Everyone and everything is in place. A production assistant holds a clapperboard in front of a camera, the time stamp a digital readout. Angela can’t help it. A chill runs down her back. Let the magic begin.
The burglars scuffle. Angela is astonished by how tall Ruby seems when she makes her entrance as Irene Adler, all heaving bosom and steely calm. With those enormous dark eyes, the girl is one big emoji. But she’s got a presence that makes it hard to take your eyes off her.
Ruby has the gun raised, pointing it at the burglars. It wobbles in Ruby’s grip, and Angela can feel the heft, even though she knows it’s not heavy at all. Light glints off the shaft as Ruby motions with it.
That’s when Angela realizes that the gun is larger than the prop they used in rehearsal. It looks like it’s got a metal grip, and it’s not just the lighting. It’s a different gun.
She glances toward the camera as the question flashes through her brain: After all that work getting the lighting and camera focus just right, why would they switch guns? The answer: they wouldn’t.
At that same moment, she realizes that Glenn Lancaster is not in position beside the camera. She doesn’t see him at all, not until she spots him in the shadows, half-hidden behind the cameraman.
Angela looks back at the set. It feels as if time slows down as the burglars brandish knives. As Ruby raises the nose of the gun. In a moment she’ll fire the pistol that’s not the prop they used for rehearsal.
Before Angela even registers the thought, she’s on her feet, bolting onto the set. She knocks the gun from Ruby’s hand. It hits the ground and goes off, filling the air with smoke and an acrid smell. There’s a long pause as the gunshot echoes in the soundstage.
Belatedly, Lancaster screams, “Cut!”
He comes out from behind the camera. “What the hell?” Gazes at Ruby sitting on the floor, looking completely bewildered. At the pistol, or what’s left of it, lying smoking on the floor nearby. He lunges for the gun but Angela gets there first. It’s hot. She uses the hem of her skirt to protect her hand as she picks it up.
Lancaster looks around, assessing his audience. Then glares at Angela. “What are you up to now? Give me that.”
“You want this?” She holds out the gun for everyone to see that the barrel is ripped open. “I think Ruby might like to have a look at it first.
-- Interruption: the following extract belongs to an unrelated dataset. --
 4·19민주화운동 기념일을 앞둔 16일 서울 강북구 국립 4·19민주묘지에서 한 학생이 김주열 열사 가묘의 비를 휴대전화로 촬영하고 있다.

Someone booby-trapped it.”
“Someone?” Lancaster draws himself up and puffs out his chest. “The only other person outside of props who handled that gun is you.”
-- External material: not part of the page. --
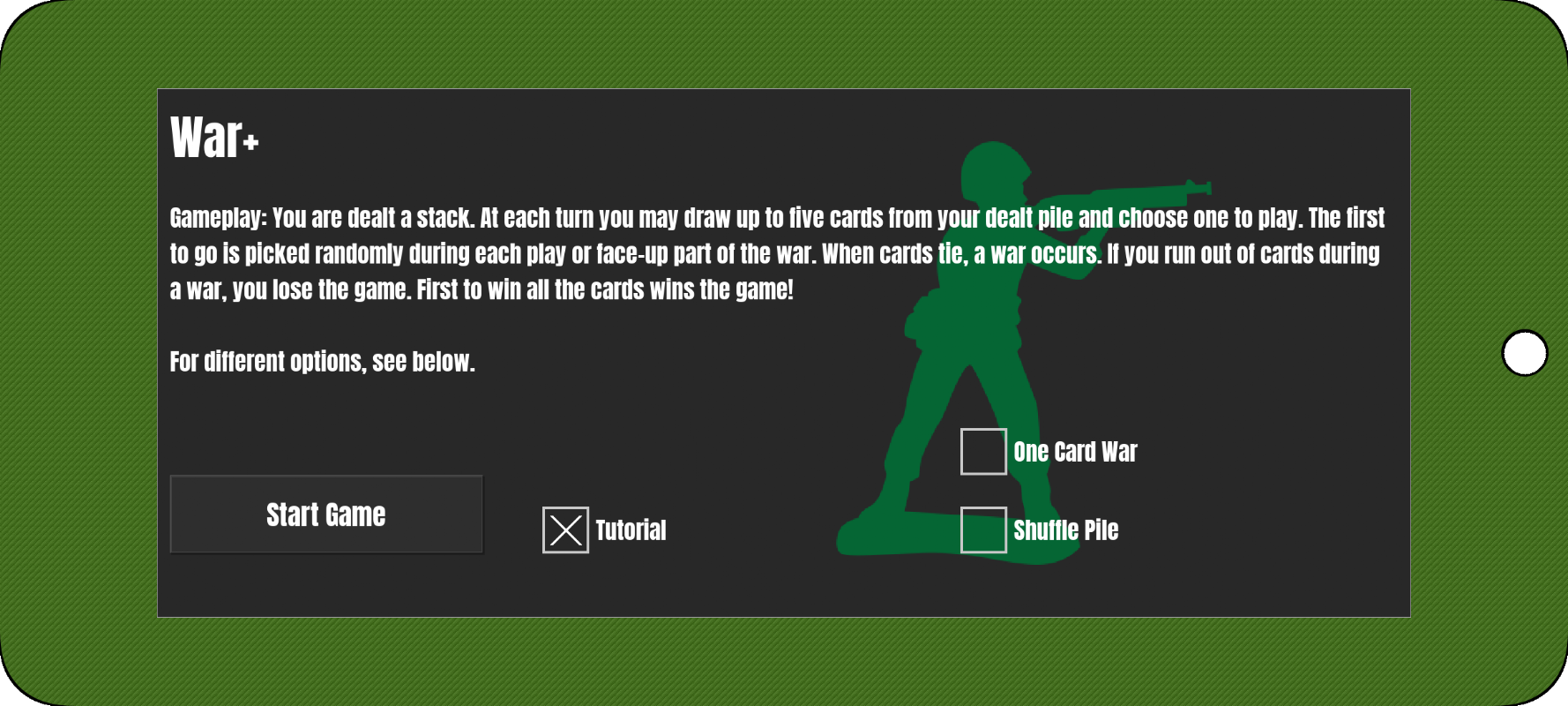 War+, um jogo semelhante ao popular jogo de cartas War, porém mais desafiador. War+ permite que você escolha as cartas que quer jogar. Escolha suas próprias batalhas e junte-se à diversão do War+ com muitas opções e muita diversão.

It’s what Angela expects him to say. “You know as well as I do, this isn’t the gun we used in rehearsal.” She wonders why the prop assistant didn’t flag it. “Couldn’t you feel the difference?” she asks Ruby.
Ruby’s mouth opens but at first no words come out. “Actually, I did. It felt cold and heavier.”
“It’s a different gun,” Angela says. She peers closely at a bit of what looks like a nugget of hard plastic stuck inside the exploded barrel. “And it looks as if someone jammed it with—”
“Probably latex,” Lancaster says. Now everyone turns and stares at him. Because how could he know that from twenty feet away? Latex hadn’t even occurred to Angela and she’s looking right at it.